* Records supplied
------------------------------------------------------------------------
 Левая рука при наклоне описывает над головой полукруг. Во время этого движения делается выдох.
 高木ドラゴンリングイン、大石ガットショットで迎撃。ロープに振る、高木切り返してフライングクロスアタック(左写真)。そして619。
------------------------------------------------------------------------
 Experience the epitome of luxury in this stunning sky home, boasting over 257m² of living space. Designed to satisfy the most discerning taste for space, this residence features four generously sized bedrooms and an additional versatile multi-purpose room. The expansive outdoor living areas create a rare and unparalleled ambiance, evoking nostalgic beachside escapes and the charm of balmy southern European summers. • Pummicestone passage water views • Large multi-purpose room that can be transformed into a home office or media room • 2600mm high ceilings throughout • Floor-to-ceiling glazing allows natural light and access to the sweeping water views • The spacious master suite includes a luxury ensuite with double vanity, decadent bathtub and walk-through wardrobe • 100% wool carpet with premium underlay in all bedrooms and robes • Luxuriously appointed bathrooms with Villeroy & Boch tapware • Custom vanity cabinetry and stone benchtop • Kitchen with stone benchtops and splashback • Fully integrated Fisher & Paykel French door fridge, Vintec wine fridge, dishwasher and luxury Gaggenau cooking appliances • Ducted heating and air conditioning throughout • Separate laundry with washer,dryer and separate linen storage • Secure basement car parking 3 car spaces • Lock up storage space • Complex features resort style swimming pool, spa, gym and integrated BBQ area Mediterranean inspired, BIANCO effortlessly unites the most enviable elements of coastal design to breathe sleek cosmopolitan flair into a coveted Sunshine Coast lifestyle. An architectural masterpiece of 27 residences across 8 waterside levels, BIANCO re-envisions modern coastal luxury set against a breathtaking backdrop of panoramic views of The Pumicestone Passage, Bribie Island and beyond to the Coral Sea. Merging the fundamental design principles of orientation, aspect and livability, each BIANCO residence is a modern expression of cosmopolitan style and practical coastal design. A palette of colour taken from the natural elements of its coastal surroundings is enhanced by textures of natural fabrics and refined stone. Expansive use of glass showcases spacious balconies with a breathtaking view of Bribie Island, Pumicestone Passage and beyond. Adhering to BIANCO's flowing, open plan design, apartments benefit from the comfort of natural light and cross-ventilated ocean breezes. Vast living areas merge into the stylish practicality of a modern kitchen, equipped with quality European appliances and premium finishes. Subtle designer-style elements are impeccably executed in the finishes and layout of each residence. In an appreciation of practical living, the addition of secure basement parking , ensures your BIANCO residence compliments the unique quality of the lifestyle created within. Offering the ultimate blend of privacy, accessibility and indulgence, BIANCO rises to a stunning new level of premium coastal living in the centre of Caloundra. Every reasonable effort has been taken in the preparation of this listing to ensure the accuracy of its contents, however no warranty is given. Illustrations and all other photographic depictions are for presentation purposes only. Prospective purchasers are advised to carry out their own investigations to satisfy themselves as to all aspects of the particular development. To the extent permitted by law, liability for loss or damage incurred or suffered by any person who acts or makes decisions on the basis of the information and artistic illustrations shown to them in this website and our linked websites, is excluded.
------------------------------------------------------------------------
* Requirement
Your reply is to repeat, unchanged, the lines above running from the one with "Левая рука при" up to and including the one with "高木ドラゴンリングイン、大石".

* Task result
 Левая рука при наклоне описывает над головой полукруг. Во время этого движения делается выдох.
 高木ドラゴンリングイン、大石ガットショットで迎撃。ロープに振る、高木切り返してフライングクロスアタック(左写真)。そして619。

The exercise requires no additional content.